On January 12, 2012, the band announced via their Twitter feed that they would be recording the following week in Nashville. Recording took place at Blackbird Studios, Nashville. On February 17, 2012, they announced that recording of original songs for the album had been completed and they would soon be recording b-sides and covers. It was announced on February 22, 2012, via the band's Twitter feed that their fourth album would be titled Handwritten.

The band announced on their official Facebook page on April 26, 2012, that the album's lead single would be "45", and it would be receive its worldwide premiere as Zane Lowe's Hottest Record in the World on BBC Radio 1 on April 30.

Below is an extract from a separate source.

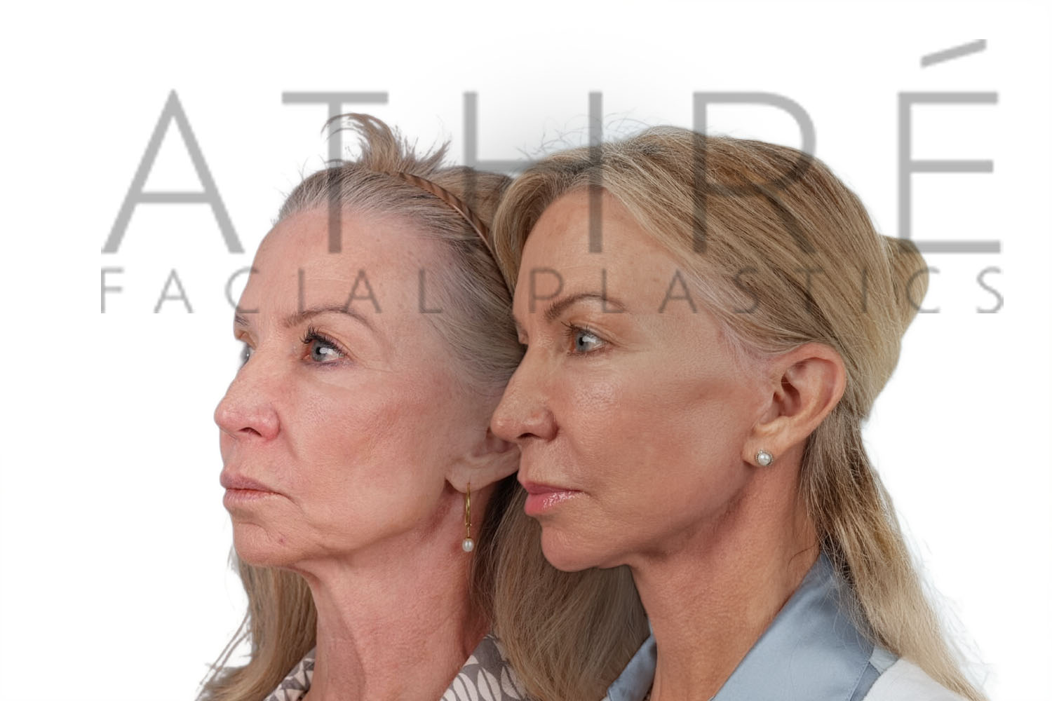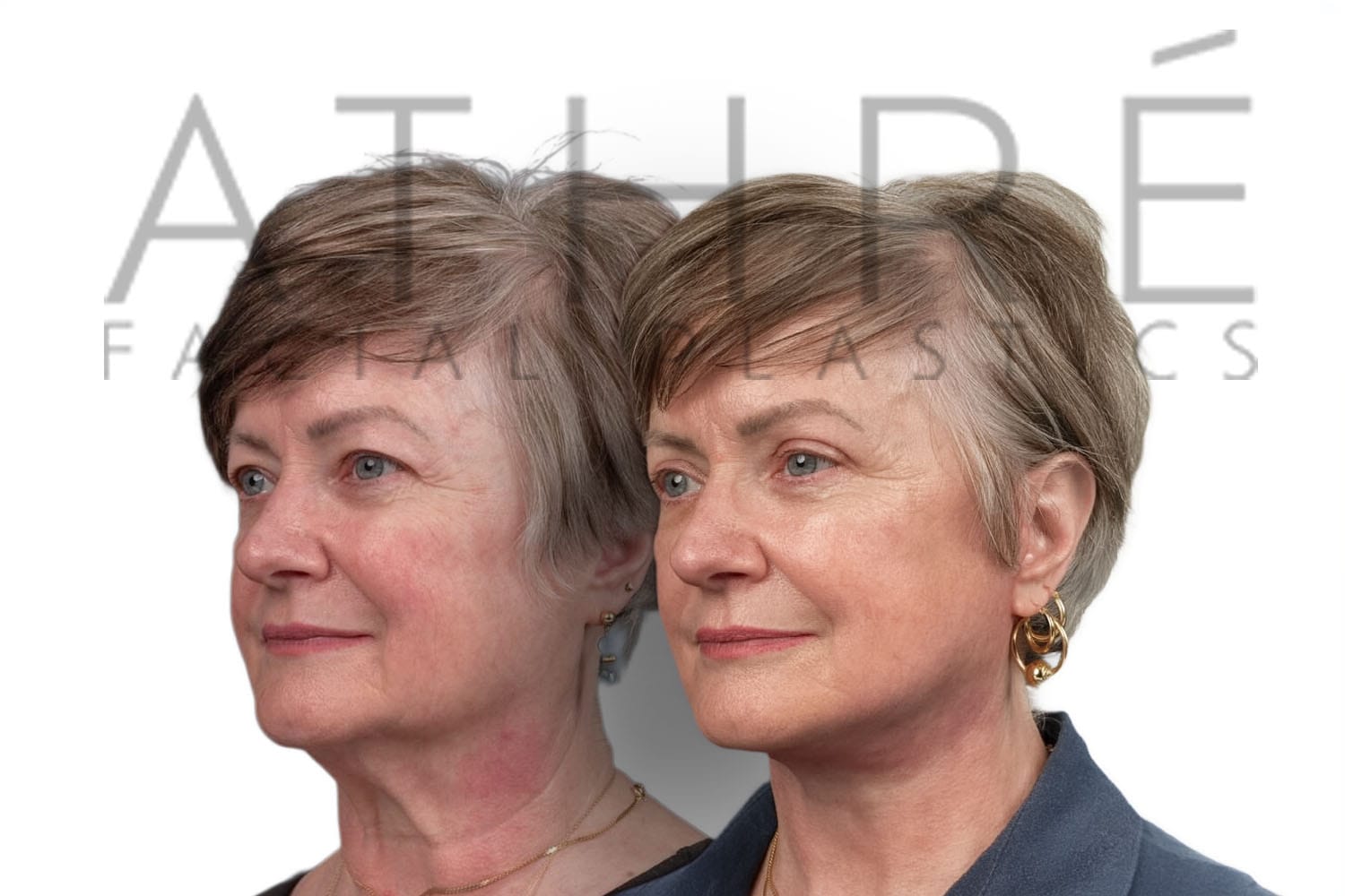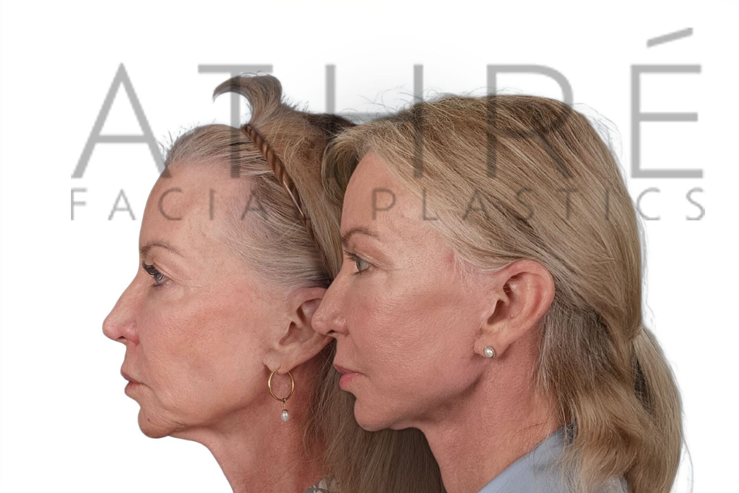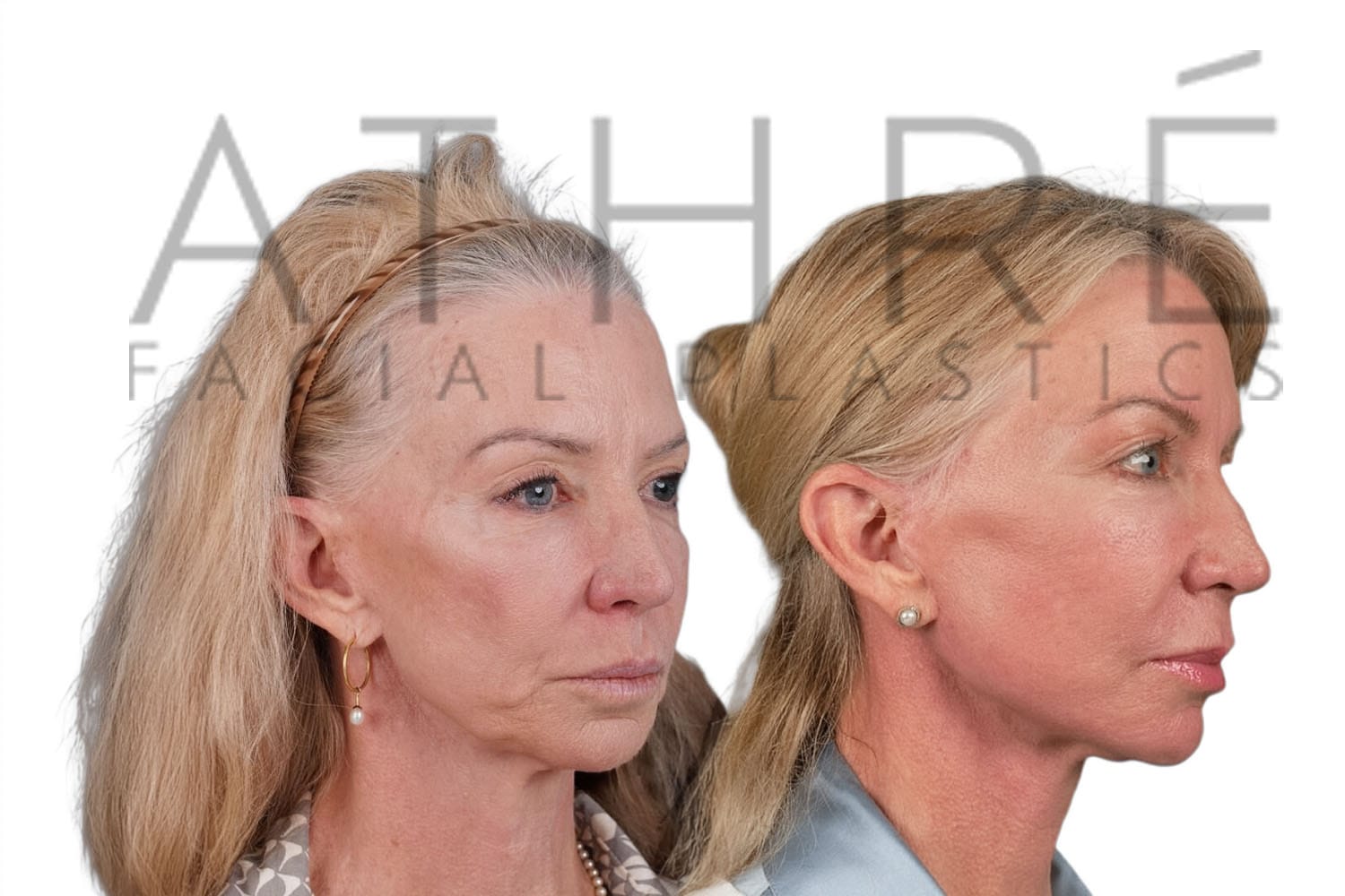 Female patient after deep plane facelift, deep neck lift, upper blepharoplasty, and autologous fat transfer. Local anesthesia with oral sedation.

On April 30, 2012, the band announced that the album would be released July 23, 2012, in the UK and July 24 in the US.

Critical reception

Handwritten received mostly positive reviews from music critics. At Metacritic, which assigns a "weighted average" rating out of 100 from selected independent ratings and reviews from mainstream critics, the album received a Metascore of 71/100, based on 31 reviews, indicating "generally favorable reviews."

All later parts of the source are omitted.